» Activity
After locating the line with "There were a" in the data that follows, return it and every later line exactly, up to and including the line with "This desk belongs".

» Records provided
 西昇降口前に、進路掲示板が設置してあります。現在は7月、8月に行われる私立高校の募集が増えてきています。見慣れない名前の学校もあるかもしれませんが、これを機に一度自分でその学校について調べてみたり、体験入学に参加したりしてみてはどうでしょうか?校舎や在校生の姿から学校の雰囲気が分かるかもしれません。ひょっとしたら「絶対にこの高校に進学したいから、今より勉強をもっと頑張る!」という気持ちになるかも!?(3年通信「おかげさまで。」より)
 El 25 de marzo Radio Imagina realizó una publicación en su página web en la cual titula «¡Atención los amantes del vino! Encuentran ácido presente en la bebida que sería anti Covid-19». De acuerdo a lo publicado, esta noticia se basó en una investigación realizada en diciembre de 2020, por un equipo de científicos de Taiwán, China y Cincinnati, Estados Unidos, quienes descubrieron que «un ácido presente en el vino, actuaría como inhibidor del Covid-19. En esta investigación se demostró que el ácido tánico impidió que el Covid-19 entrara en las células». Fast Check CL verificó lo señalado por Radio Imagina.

* * *

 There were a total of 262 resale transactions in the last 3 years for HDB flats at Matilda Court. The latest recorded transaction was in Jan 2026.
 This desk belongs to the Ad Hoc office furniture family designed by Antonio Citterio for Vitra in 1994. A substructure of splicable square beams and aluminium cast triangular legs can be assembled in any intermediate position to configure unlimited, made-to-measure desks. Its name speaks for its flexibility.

==

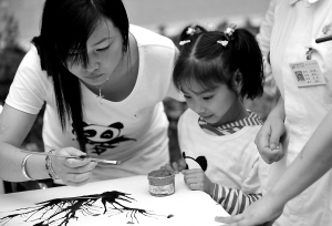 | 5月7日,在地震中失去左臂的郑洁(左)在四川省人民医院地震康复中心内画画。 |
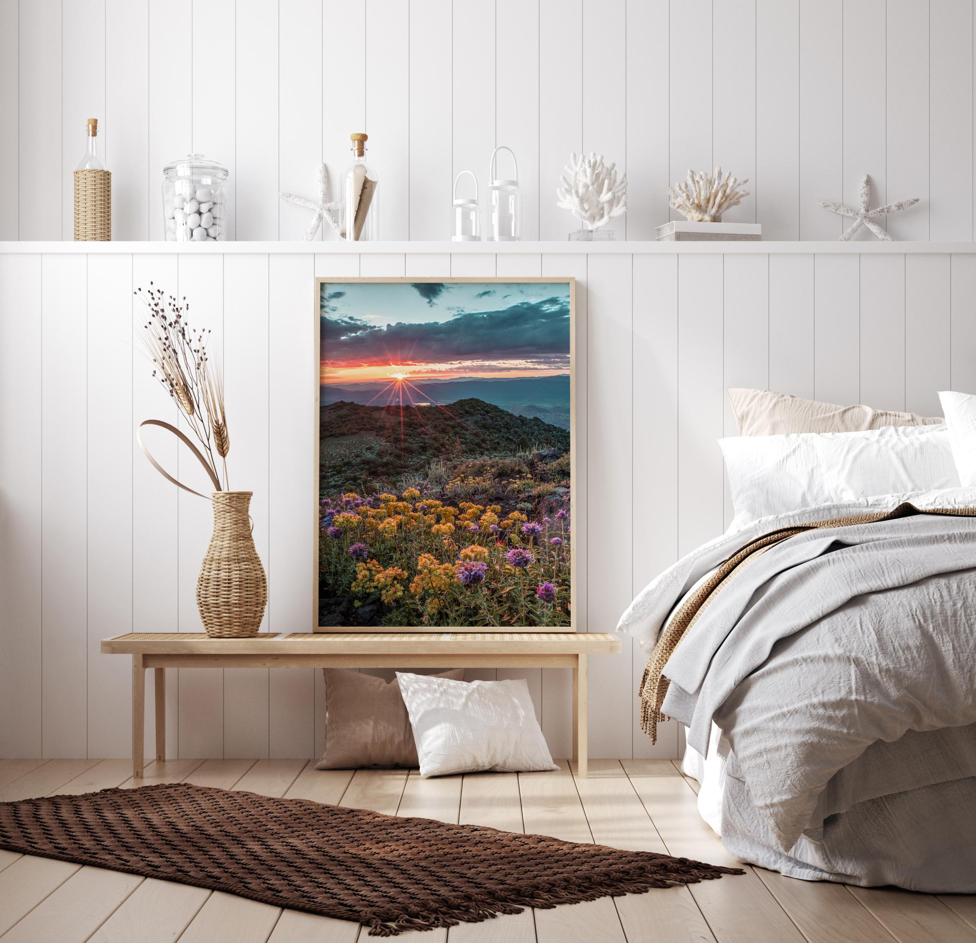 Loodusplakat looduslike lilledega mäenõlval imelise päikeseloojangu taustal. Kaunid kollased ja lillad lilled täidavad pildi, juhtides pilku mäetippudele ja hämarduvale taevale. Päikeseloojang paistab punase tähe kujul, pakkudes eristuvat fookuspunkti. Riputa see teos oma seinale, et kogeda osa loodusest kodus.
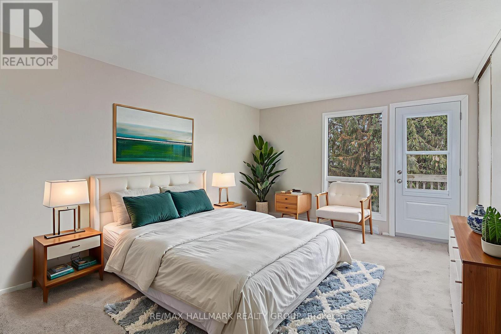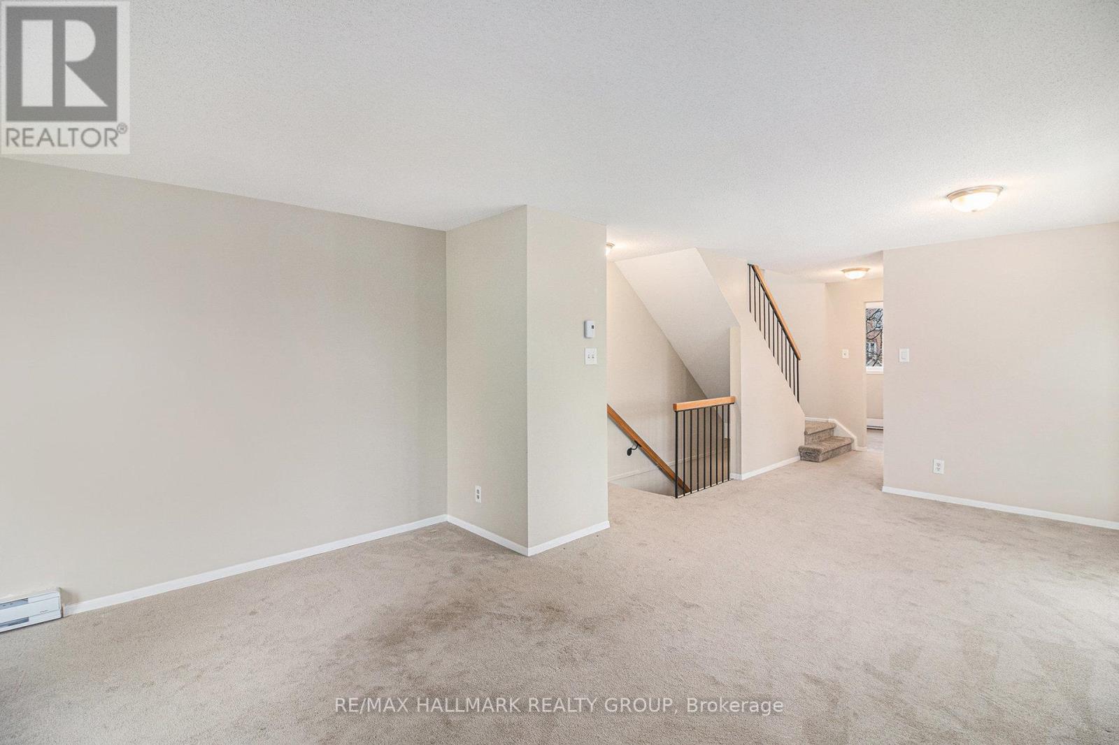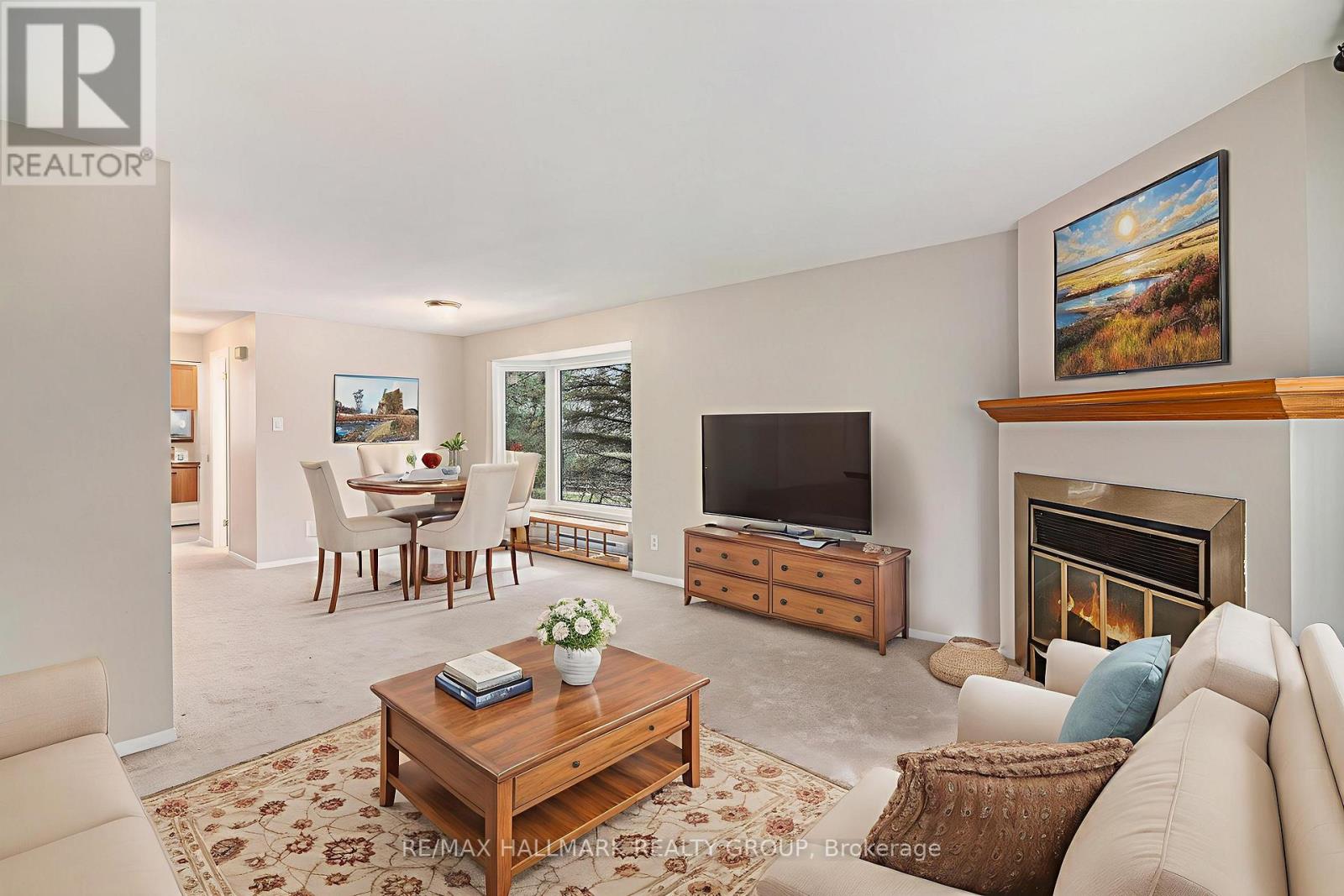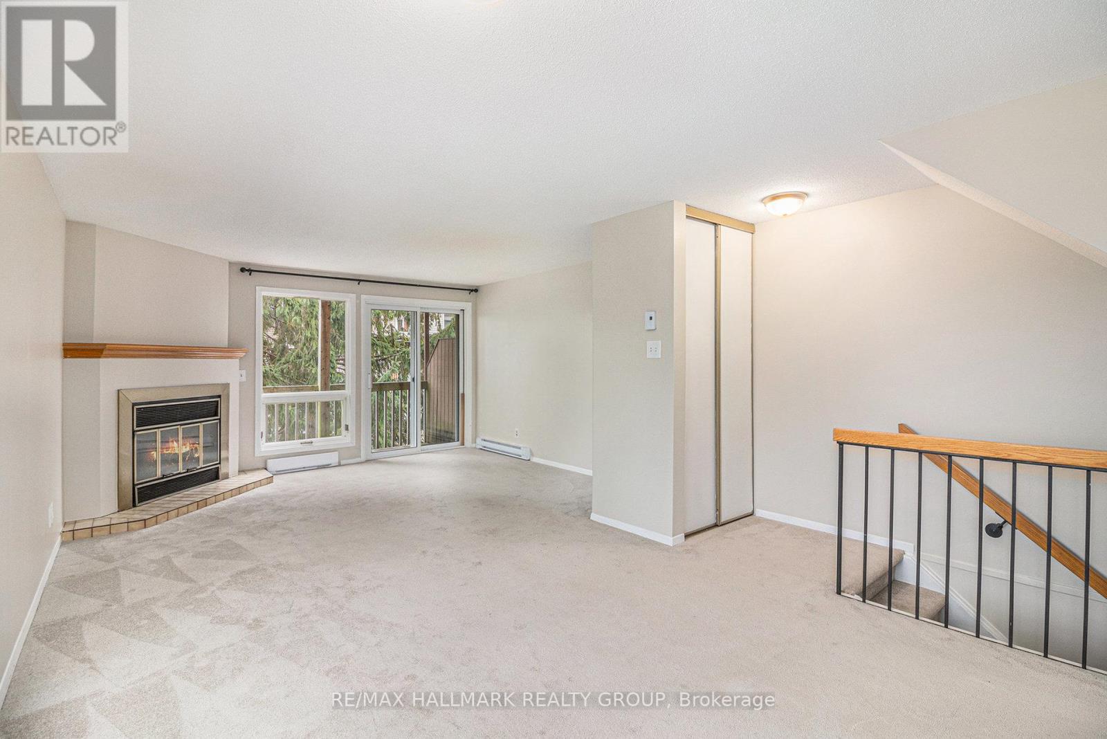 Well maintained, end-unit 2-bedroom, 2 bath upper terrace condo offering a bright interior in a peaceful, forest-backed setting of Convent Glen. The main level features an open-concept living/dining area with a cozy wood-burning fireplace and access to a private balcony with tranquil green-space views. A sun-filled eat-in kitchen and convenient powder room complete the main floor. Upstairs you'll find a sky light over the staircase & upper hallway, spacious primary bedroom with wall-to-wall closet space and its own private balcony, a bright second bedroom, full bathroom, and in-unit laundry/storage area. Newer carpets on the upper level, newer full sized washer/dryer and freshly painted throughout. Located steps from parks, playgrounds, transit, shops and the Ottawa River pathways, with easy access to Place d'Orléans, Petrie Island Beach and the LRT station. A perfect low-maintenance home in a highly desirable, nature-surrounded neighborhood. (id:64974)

» Task answer
 There were a total of 262 resale transactions in the last 3 years for HDB flats at Matilda Court. The latest recorded transaction was in Jan 2026.
 This desk belongs to the Ad Hoc office furniture family designed by Antonio Citterio for Vitra in 1994. A substructure of splicable square beams and aluminium cast triangular legs can be assembled in any intermediate position to configure unlimited, made-to-measure desks. Its name speaks for its flexibility.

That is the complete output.